Jay-Z backs Obama on gay marriage

Rand Paul ridicules gay marriage stance

This past week, the Obama who supported gay marriage when running for Illinois legislature, then flipped against it as candidate for president, flopped once more to serve his re-election. The president’s reversal did not just evolve. Its politics became transparent.

Though same-sex marriage was not “right” earlier, it suddenly became a matter of conviction. With the Democratic Convention approaching, the president needed to energize his base and defuse the likelihood of a platform war over same-sex marriage. Miraculously, at that moment, he found the courage to do the most politically useful thing.

Many of us who support the president’s new position still found the politics as subtle as neon. The maneuvering became the message. The latest CBS/New York Times Poll reveals 67% of those interviewed said the president made his decision “for political reasons.” Less than a quarter of voters believe he acted on principle.

Americans have started to connect a swarm of dots, revealing politics as the pattern. Even when this president crosses oceans, Americans see him putting politics first.

Recently, in perhaps the most damning YouTube moment yet in a presidential race, Barack Obama was captured putting domestic politics ahead of foreign policy. He was caught on an open microphone, telling outgoing Russian Prime Minister Dmitry Medvedev that he would be more amenable to Russian interests on the issue of missile defense if he survived the November elections. “This is my last election,” Obama said. “After my election, I have more flexibility.”

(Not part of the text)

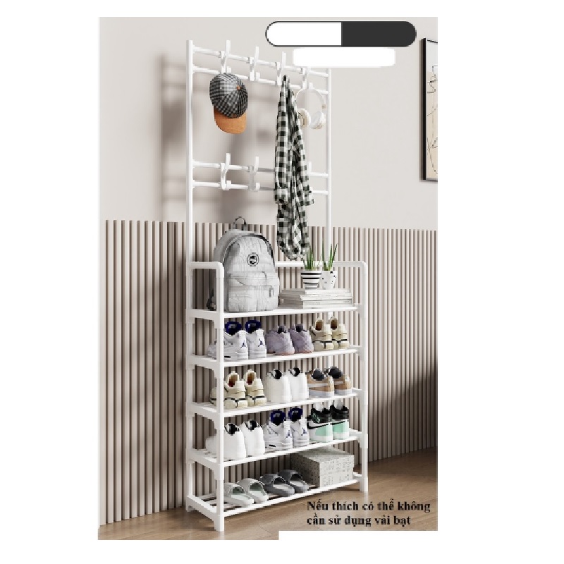 TÍNH NĂNG của Kệ để giày dép đa năng 5 tầng có móc treo: – Kệ giày giúp bạn lưu trữ và quản lý giày, dép một cách gọn gàng, ngăn nắp, giữ form giày, dép luôn đẹp như mới. – Kiểu dáng chắc chắn, nhỏ gọn giúp tiết kiệm được tối đa diện tích nhà bạn. – Có thể dùng làm kệ để sách báo, cặp túi, gấu bông cho bé… – Thiết kế cơ động, dễ dàng để lắp hoặc tháo rời. – Chất liệu cao cấp , bền đẹp – Có giá để đồ bên trên rất tiện lợi – Mẫu mã đẹp, phù hợp cho trong mọi không gian nội thất nhà bạn.

The president’s mask slipped. The politician beneath was revealed. Voters, including the president’s core female supporters, got to see what they had only suspected: Obama’s priorities aren’t necessarily theirs.

While our economy was melting down, Obama spent his first two years compulsively advocating a health care plan. While moms struggle to stretch their family budget and fill the gas tank, Obama’s crusading for birth control and same-sex marriage. And now, as storm clouds from Europe’s exhaustion and California’s failure begin to roll into our heartland, trapping our economy without exit, the president offers tacit acknowledgment that this is the best he can do: His campaign is about everything but what will save us.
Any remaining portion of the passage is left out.